:: ACTION ITEM ::
Give the data below again exactly, and drop each picture from it.

:: RECORDED DATA ::

● ● ●

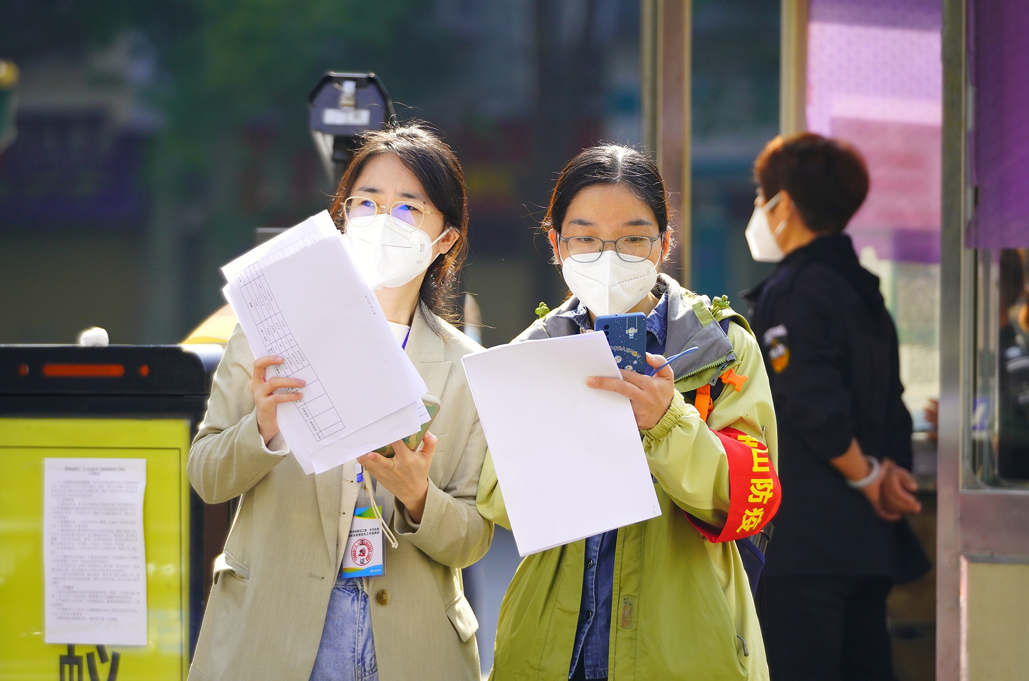 社区人员与蓝盾小区志愿者对接协调工作。 谢政文 摄
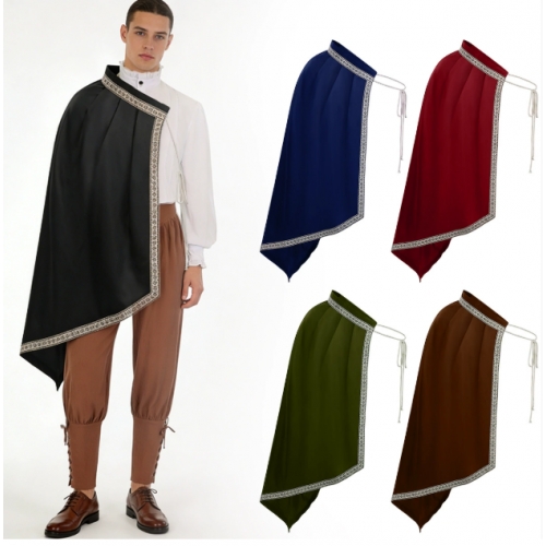 Halloween Men's Renaissance Shawl Half-Shoulder Cape Medieval Warrior Cape LARP Warrior Market Costume
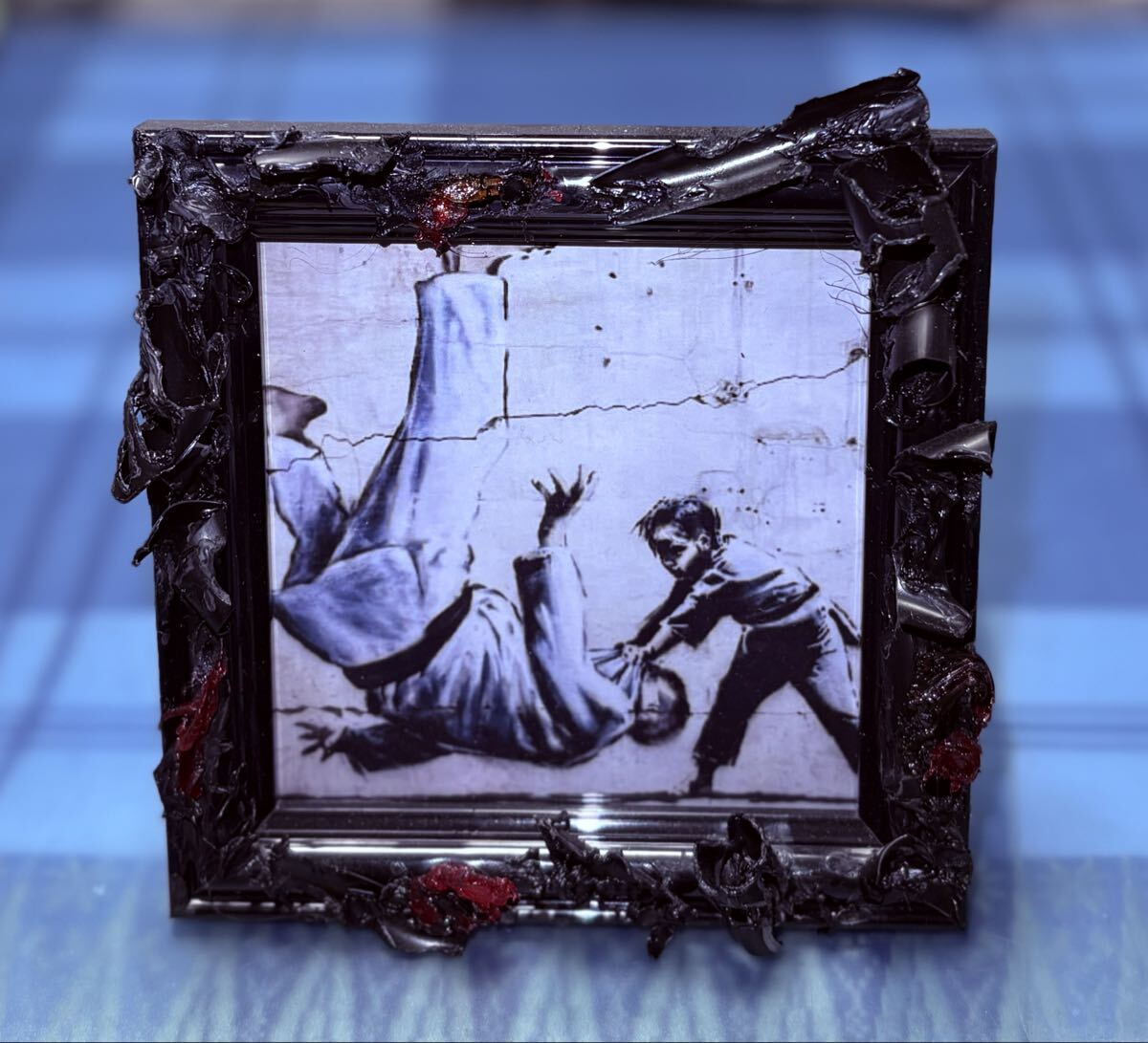 - バンクシー 柔道家を投げ飛ばす子供 卓上オブジェ額縁 フォトフレーム アンティーク 額装 コレクション ガラス製品

● ● ●

:: ANSWER FOR THIS EXERCISE ::
 社区人员与蓝盾小区志愿者对接协调工作。 谢政文 摄
 Halloween Men's Renaissance Shawl Half-Shoulder Cape Medieval Warrior Cape LARP Warrior Market Costume
 - バンクシー 柔道家を投げ飛ばす子供 卓上オブジェ額縁 フォトフレーム アンティーク 額装 コレクション ガラス製品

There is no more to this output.